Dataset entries
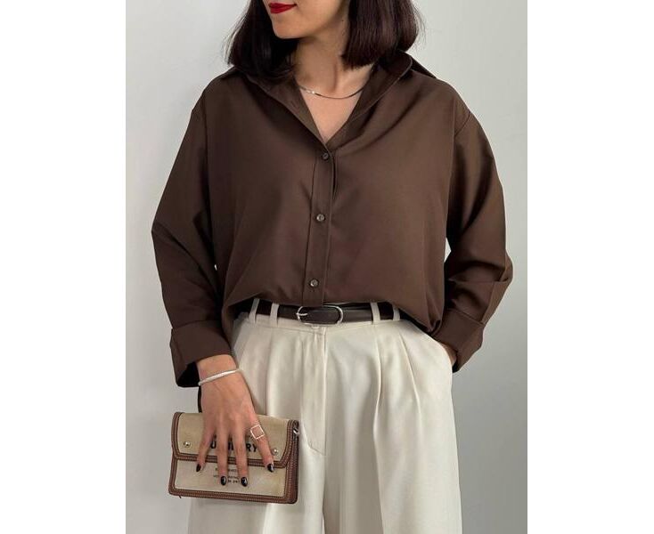 Блузка женская 1183 brown р.42-58 "FEMZONE" недорого оптом от прямого поставщика
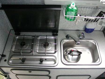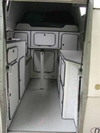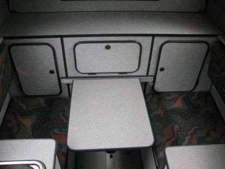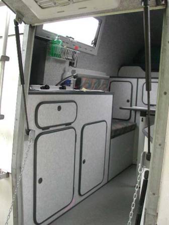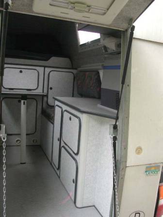 Die Inneneinteilung hat mein Vorbesitzer beim Neukauf im Jahr 2000 auf seine Bedürfnisse hin maßschneidern lassen: Die Kabine ist ausgerichtet auf einen reinen 2-Personen-Einsatz und verfügt über viiiiiel Stauraum. Deshalb fällt die normale Längsbank auf der rechten Seite weg: Dort ist stattdessen ein Schrank, die Gasflasche und eine Kühlbox. Sitzplätze gibt´s nur zwei. Das Bett ist mit einer Breite von 1,40 und einer Länge von 2,10 m großzügig.
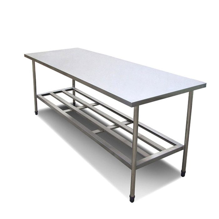 Mesa 100% Inox com grade inferior 1,80 x 0,65m.O seu estabelecimento está desorganizado? A sua mesa de apoio ou de corte está enferrujando com o tempo? para de se preocupar com essas coisas desnecessárias e adquira logo a sua mesa 100% Inox com grade inferior 1,80 x 0,65m.O grande diferencial deste produto está na sua confecção em inox 430, que não deixa enferrujar e mantém o brilho e beleza do produto por muito mais tempo que as convencionais. A mesa 100% Inox com grade inferior 1,80 x 0,65m possui uma extensa prateleira gradeada abaixo da bancada para que sejam postas mercadorias, dando um ar de organização no ambiente. Além disso, o produto apresenta forte resistência a peso, portanto, não precisa se preocupar com o que vai colocar em cima.Detalhes técnicos da mesa 100% Inox com grade inferior 1,80 x 0,65mA reforçada mesa 100% Inox com grade inferior 1,80 x 0,65m está no mercado brasileiro com as seguintes medidas:Comprimento de 1,80m;Largura de 0,65m;Altura de 0,85m.
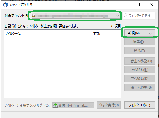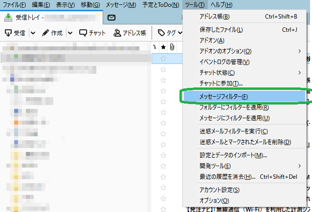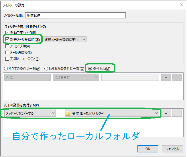 メッセージフィルターでローカルコピー設定をします。手順は以下のとおりです。設定はmailフォルダには残らず、PCを移行すると消えてしまいます。
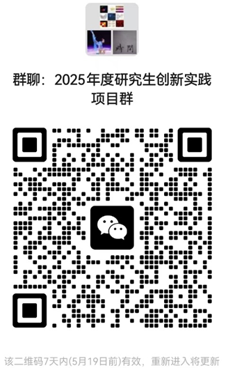 研究生院联系人:办公楼412室,纪老师。电话:82323959。为便于沟通管理,请所有项目负责人及项目组成员手机微信扫描下图二维码加入2025年度研究生创新实践项目群:
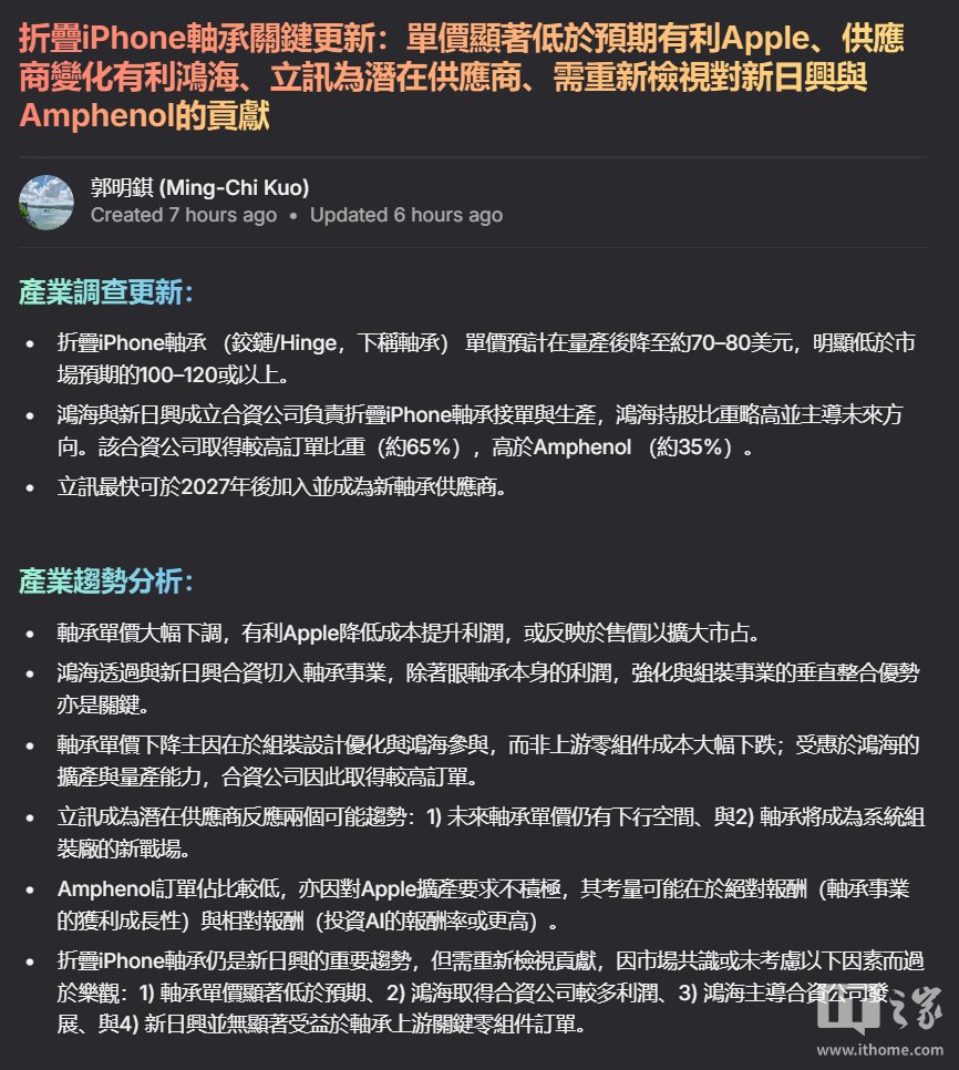郭明錤:蘋果 iPhone Fold 鉸鏈成本低于預(yù)期,立訊精密有望成供應(yīng)商

* ASSIGNED TASK
Leaving out the pictures, print every record exactly as written.

* RESULT OF THIS EXERCISE
 Блузка женская 1183 brown р.42-58 "FEMZONE" недорого оптом от прямого поставщика
 Die Inneneinteilung hat mein Vorbesitzer beim Neukauf im Jahr 2000 auf seine Bedürfnisse hin maßschneidern lassen: Die Kabine ist ausgerichtet auf einen reinen 2-Personen-Einsatz und verfügt über viiiiiel Stauraum. Deshalb fällt die normale Längsbank auf der rechten Seite weg: Dort ist stattdessen ein Schrank, die Gasflasche und eine Kühlbox. Sitzplätze gibt´s nur zwei. Das Bett ist mit einer Breite von 1,40 und einer Länge von 2,10 m großzügig.
 Mesa 100% Inox com grade inferior 1,80 x 0,65m.O seu estabelecimento está desorganizado? A sua mesa de apoio ou de corte está enferrujando com o tempo? para de se preocupar com essas coisas desnecessárias e adquira logo a sua mesa 100% Inox com grade inferior 1,80 x 0,65m.O grande diferencial deste produto está na sua confecção em inox 430, que não deixa enferrujar e mantém o brilho e beleza do produto por muito mais tempo que as convencionais. A mesa 100% Inox com grade inferior 1,80 x 0,65m possui uma extensa prateleira gradeada abaixo da bancada para que sejam postas mercadorias, dando um ar de organização no ambiente. Além disso, o produto apresenta forte resistência a peso, portanto, não precisa se preocupar com o que vai colocar em cima.Detalhes técnicos da mesa 100% Inox com grade inferior 1,80 x 0,65mA reforçada mesa 100% Inox com grade inferior 1,80 x 0,65m está no mercado brasileiro com as seguintes medidas:Comprimento de 1,80m;Largura de 0,65m;Altura de 0,85m.
 メッセージフィルターでローカルコピー設定をします。手順は以下のとおりです。設定はmailフォルダには残らず、PCを移行すると消えてしまいます。
 研究生院联系人:办公楼412室,纪老师。电话:82323959。为便于沟通管理,请所有项目负责人及项目组成员手机微信扫描下图二维码加入2025年度研究生创新实践项目群:
郭明錤:蘋果 iPhone Fold 鉸鏈成本低于預(yù)期,立訊精密有望成供應(yīng)商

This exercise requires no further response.